According to Justin P. Manna, Business Development Manager for LORD Corporation, "Controlling vibration with on-line, fully automated balancing technology will lead to reduced maintenance workload and will increase durability and lower the cost of operations. This benefits the USAF by reducing maintenance workload, improving aircraft readiness and improving the reliability of engine-mounted components on C-130 aircraft."

Proof in the Numbers
The testing process actually began several years ago. A four-hour flight test was conducted in 2004 with sponsorship and oversight from the USAF Air Mobility Battlelab and engineering support from the Robins Air Force Base C-130 System Program Office (330th ASG). The demonstration began with the installation of an IPBS on a 54H60-91 Hamilton Sundstrand propeller system. Several typical flight profiles were conducted with the support of the 339th Flight Test Squadron of Warner Robins Air Force Base, Ga.  Although vibration levels varied throughout the power spectrum on the 54H60-91 propeller, once activated, the IPBS proved it could maintain vibration levels at approximately 10 to 20 times less than any condition between thrust reverse (-6,000 inches-pounds torque) and maximum power (18,600- inches-pounds torque). Throughout this operating range, the required balance corrections varied in both amplitude and in angular position. In addition, the performance of the IPBS was unaffected by ambient air temperature from ground to 20,000-feet. The data gathered demonstrated that the IPBS is capable of performing required corrections automatically and reliably, with no additional workload for the flight crew.

In 2009, LORD Corporation flight tested the system on four propellers at Kirtland AFB.  The system performed at expected control levels throughout the flight profile and vibration on all four engines was reduced to < 0.05 inches per second during all flight conditions. Overall, the tests showed a 94 percent reduction in propeller vibration levels and 75 percent reduction in propeller induced vibration measured at the compressor. Manna noted that the 2009 test validated that the technology.

According to Manna, the 2009 and 2011 tests both demonstrated that the EM-IPBS concept is a robust in-flight system for turboprop aircraft that should produce significant operations and support savings, realized by eliminating the lengthy maintenance actions required to periodically balance propellers per the requirements. "The reduced maintenance also will increase readiness by returning aircraft to the operational squadron earlier. Further, the large reduction in propeller vibration should provide a significant decrease in the maintenance cost of engine, gearbox and airframe mounted equipment."
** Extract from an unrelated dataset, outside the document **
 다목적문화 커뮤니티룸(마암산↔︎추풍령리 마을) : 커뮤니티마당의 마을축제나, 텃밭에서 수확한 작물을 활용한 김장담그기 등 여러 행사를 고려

The high level of predictive maintenance afforded by IPBS also can be used to provide Prognostic Health Management (PHM) and diagnostics information to maintenance crews, said Manna. Since the system results in less fatigue for both on-engine and on-board equipment, as well as lower failure rates, DOCs are reduced.  In fact, Manna estimates that the IPBS will save the USAF approximately $340 million over the life of the system.

"The IPBS has been proven to provide the smoothest and most reliable propeller operation across the entire power spectrum," said Kris Burson, LORD Corporation Americas Marketing Manager,  Aerospace & Defense. "In addition to lowering operating and sustainment costs, the system will reduce aircraft downtime due to maintenance and therefore increase aircraft availability."

Funding for this testing contract ($2 million) was sponsored by U.S. Senators Arlen Specter (R-PA) and Robert P. Casey, Jr. (D-PA).  In a press release announcing the funding, Senator Specter said, "I am pleased that my colleagues have recognized the valuable contribution these projects will make to our nation's defense. Pennsylvania is a top competitor for defense projects that create jobs and strengthen our economy and these funds will go far in supporting the brave men and women who serve our country."

"The projects will play an important role in strengthening our nation's military readiness and promoting job creation in Pennsylvania," said Senator Casey. "I am pleased that my colleagues have approved this important funding to improve Pennsylvania's military installations and strengthen our nation's defense."